Why not just buy PG, VG & Nic and make your own unflavored liquid?
https://valleyvapour.co.za/product-category/nicotine-base-dilutants/


----------



## kevkev (13/9/16)

Here you go http://www.vapourmountain.co.za/shop/30ml-eliquids/vapour-mountain-premium-e-liquid-30ml-clean-cut/

Clean cut from Vapour Mountain, you can request it in any PG/VG and Nic combo.

Reactions: Like 2


----------



## Scadoosh (13/9/16)

Would still like to blow some decent clouds . So the write up on PEG400 is for people that cant take high PG ( i should be fine there ) and for people that dont like the sweetness of high VG . Thought of making my own, however PEG400 sounded just right for me . Just some nic to test for the throat hit.
I dont expect to cloud chase with PEG400 , just thinking it would be better smog then straight PG .


----------



## Jan (13/9/16)

Totally different question but which liquids have you tried there are a lot of liquid out there that is anything but sweet.


----------



## Scadoosh (13/9/16)

Nice . Ok so with the normal flavor one of the normal is 50/50 , when they add the flavoring surly this pushes up the sweetness ? or am i thinking it a little wrong ?


----------



## Scadoosh (13/9/16)

With other peoples they smoke like its nothing, i pull once or twice and feel naar (no other word works that well) from the sweetness . When i ask them isnt it sweet they say no . Im like what the hek . Can only be the VG sweetness . Sounds odd i know, but ill have 4 to 5 sugars in my coffee thats fine , but let me dip the tip of my finger in glycerin and taste one drop - instant naar . 
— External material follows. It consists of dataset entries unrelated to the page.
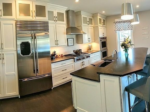 - Kit Dscrp: Flooring - Hardwood, Countertops - Stone/Granite/Solid, Breakfast Bar / Nook, Kitchen Island, Recessed Lighting
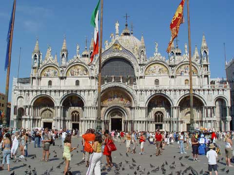 Venice được xây dựng như một nơi an toàn giữa phá nước vào năm 813. Thi thể của Thánh sử Mark bị lấy cắp vì lòng ngoan đạo từ Alexandria, Ai Cập rồi mang về thành phố 828. Trước đây có một nhà thờ được xây dựng để tỏ lòng tôn kính người nhưng đã bị hỏa hoạn thiêu rụi vào năm 976. Nhà thờ hiện nay tiếp giáp với Cung điện của Doge ngày xưa, khởi công xây dựng năm 1063 và được cung hiến năm 1094.
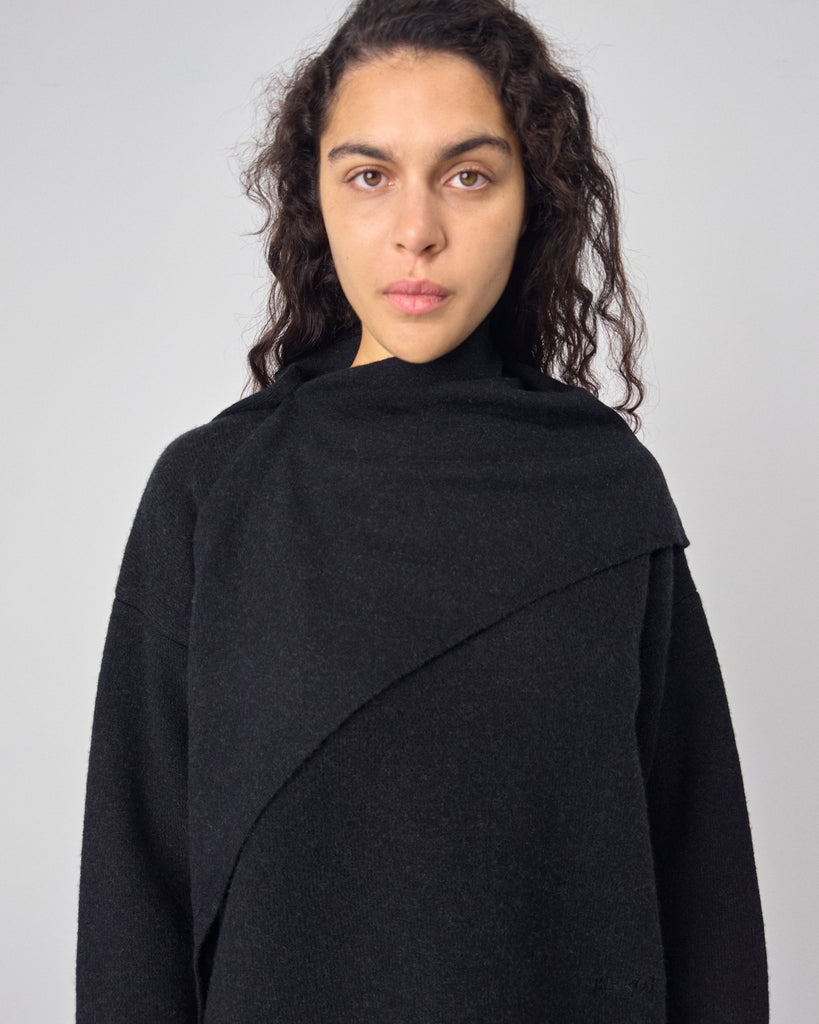 Merino knit scarf in triangle silhouette and ultra-soft handle, with single button closure and embroidery detailing.

So ya thats basically why i was thinking PEG400 . But to find the bladdy stuff .

Reactions: Like 1


----------



## Andre (13/9/16)

Scadoosh said:


> Nice . Ok so with the normal flavor one of the normal is 50/50 , when they add the flavoring surly this pushes up the sweetness ? or am i thinking it a little wrong ?


There are flavorings that do not add sweetness. May I suggest a VG heavy juice to which you add some FA Bitter Wizard. Others flavours I can think of right now that could help are lemon and lime.


----------



## Lord Vetinari (14/9/16)

Let me help you out here a little:

Most juices are made to be sweet. It has to do with the mouth feel, i.e how the vapor affects your tongue and mouth. You have to consider it like wines, you get dry, off-dry, semi-sweet and sweet. A neat or unflavored e-liquid is just too bland. Clouds are more dependent on how you vape, I can chuck you clouds of pure PG in a good dripper.

Not everybody likes sweet. I do not like it all the time myself. The sweetness of VG is pretty negligible as far as vaping goes BTW. It takes a while to acquire the taste for inhaled donuts. There are MANY options for you to try that are not overtly sweet.

E-liquid project have a few good off-dry juices. Like Cowboys Apple Pie and Special Reserve. Both have tobacco undertones.

You can try a bottle of Berties Vapbucco. If you want a realistic thick tobacco taste there you go. It is like smoking expensive pipe tobacco. EXACTLY.

For DIY, I just found a tobacco thread here http://www.ecigssa.co.za/diy-tobacco-recipes.t25083/

I think spending some time researching your desired flavor profiles is going to serve you better than an abandonment of all flavour.

Reactions: Like 1 | Agree 2


----------